WHAT NEEDS TO BE DONE: Nothing but the lines from the first line of the material below through the line that holds "Keeper Andreas Eide" should be set down, exactly and with pictures left out.

DATASET SECTION:
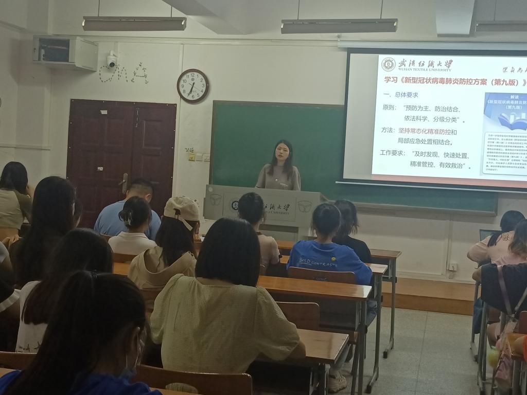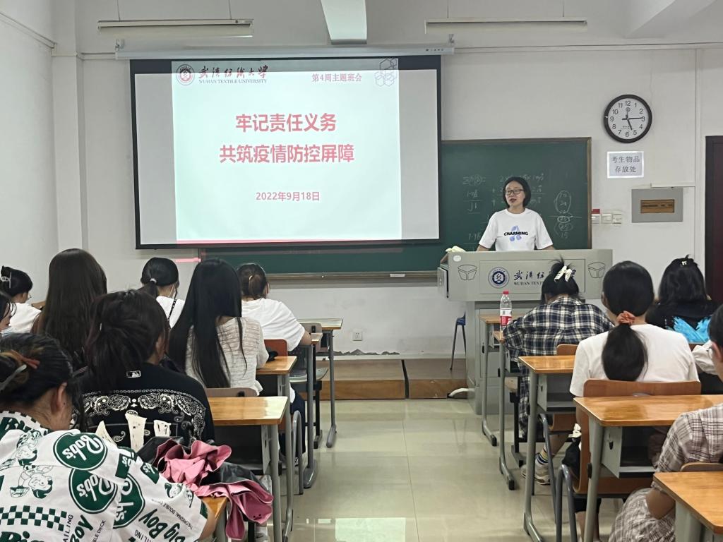 为了让同学们深刻认识到当前疫情形势的复杂性和严峻性、坚决克服麻痹思想和侥幸心理、强化底线思维和风险意识,同时进一步推进学生联系服务工作,切实为学生办实事、办好事、解难事,yl23455永利官网于9月18日晚在武汉纺织大学阳光校区七栋教学楼开展了疫情防控与“一对一携手共成长”主题班会,本次班会由班主任和各年级辅导员主持。
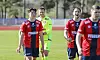 Keeper Andreas Eide smiler godt etter 98 minutt mot Askøy utan baklengsmål. Jubelen til Nikolai Mayer (nr. 2 f.h.) viser tydeleg kva Trio-spelarane syns om poenget.
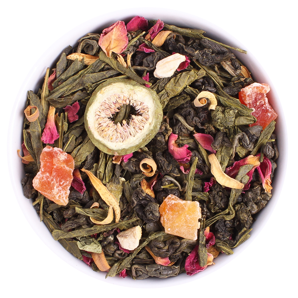 Состав: зеленый китайский чай (сенча, зеленая улитка), улун, папайя, инжир, цедра апельсина, цветок апельсина, лепестки роз
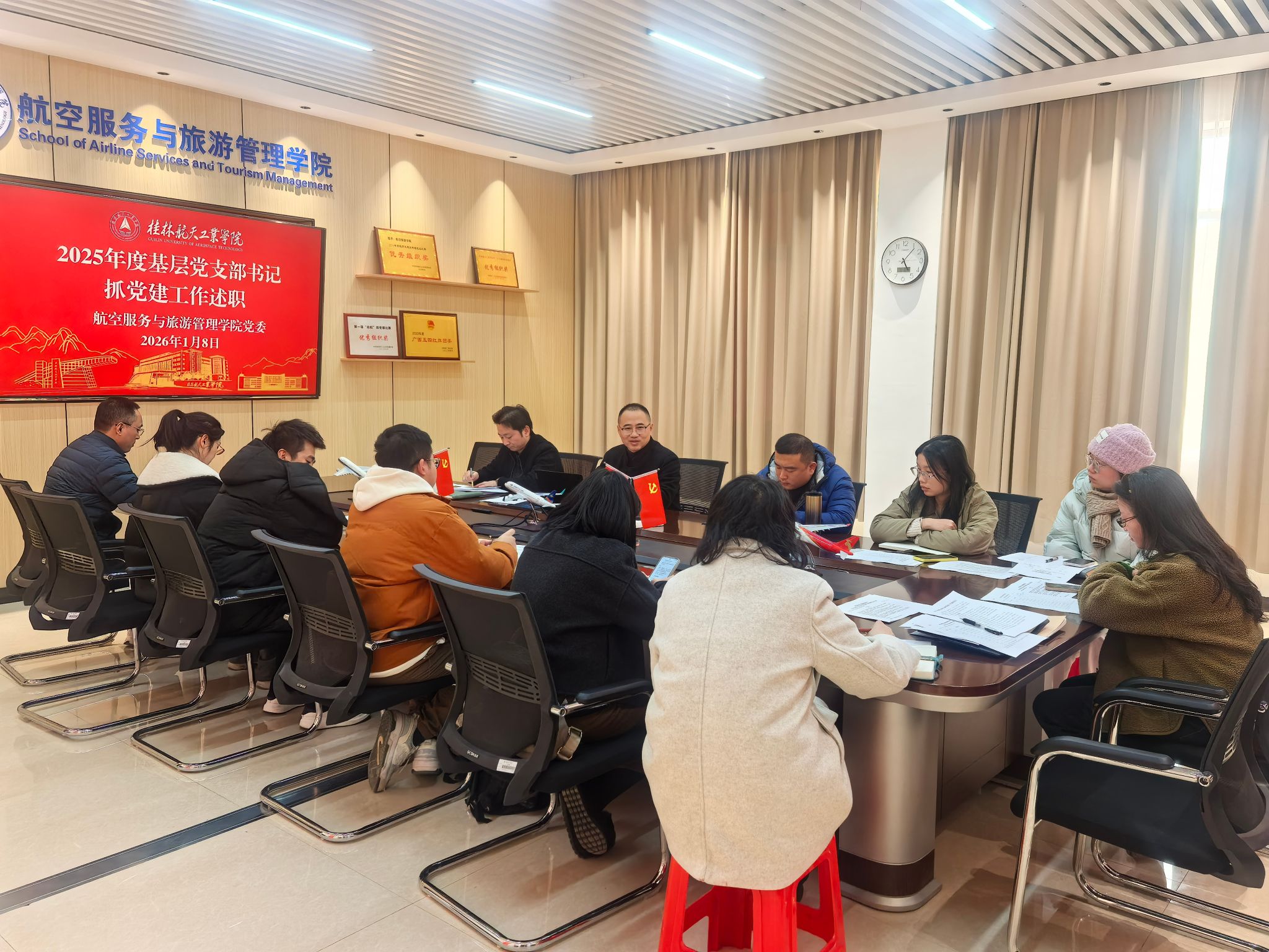 为深入贯彻落实学校党委工作部署,全面检验基层党建工作成效,1月8日,航空服务与旅游管理学院在探天楼C208组织召开2025年度基层党支部书记抓党建工作述职评议会。学院党委书记、副书记、党委委员出席会议,各支...

REPLY TO THE TASK:
 为了让同学们深刻认识到当前疫情形势的复杂性和严峻性、坚决克服麻痹思想和侥幸心理、强化底线思维和风险意识,同时进一步推进学生联系服务工作,切实为学生办实事、办好事、解难事,yl23455永利官网于9月18日晚在武汉纺织大学阳光校区七栋教学楼开展了疫情防控与“一对一携手共成长”主题班会,本次班会由班主任和各年级辅导员主持。
 Keeper Andreas Eide smiler godt etter 98 minutt mot Askøy utan baklengsmål. Jubelen til Nikolai Mayer (nr. 2 f.h.) viser tydeleg kva Trio-spelarane syns om poenget.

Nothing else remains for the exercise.